Known for her work as a researcher and educator, she has spoken in favor of welcoming migrants and refugees arriving through irregular channels in Spain and has supported the Popular Legislative Initiative for Extraordinary Regularization of undocumented migrants in Spain.

== Controversies ==

In 2023, she published a post on "X" opposing Ukraine's accession to the European Union. She stated that "it is not ready in terms of values, governance, or economy. Solidarity yes, suicide no. Thank you."

In February 2025, she publicly proposed creating a racial census and implementing racial quotas in employment in Spain, following the Anglo-Saxon model, aiming to combat inequality faced by Afro-descendants in the country.
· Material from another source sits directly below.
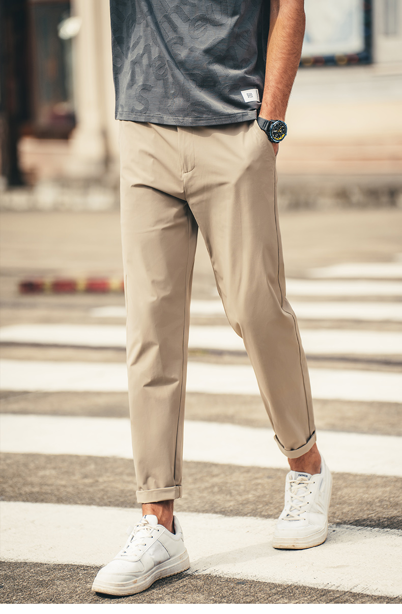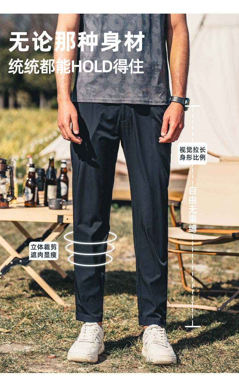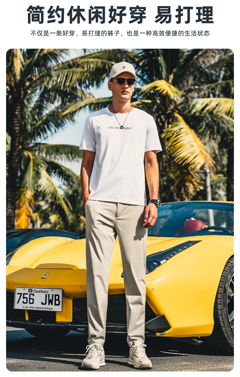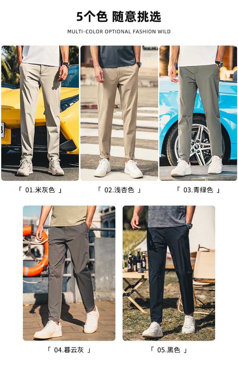 英爵倫冰絲速幹休閒長褲男夏季薄款直筒寬鬆垂感褲子涼感男士西褲

Shortly after, amid public backlash, she deleted the proposal from her social media accounts.

She is known for using passionate language in her posts, referring to “institutional racism” or asserting that “Spain is a racist country.” On social media, she has also repeatedly emphasized the need to adopt an “anti-racist and decolonial perspective.”

Viviane Ogou has described the New Pact on Migration and Asylum as "racist" on her "X" account.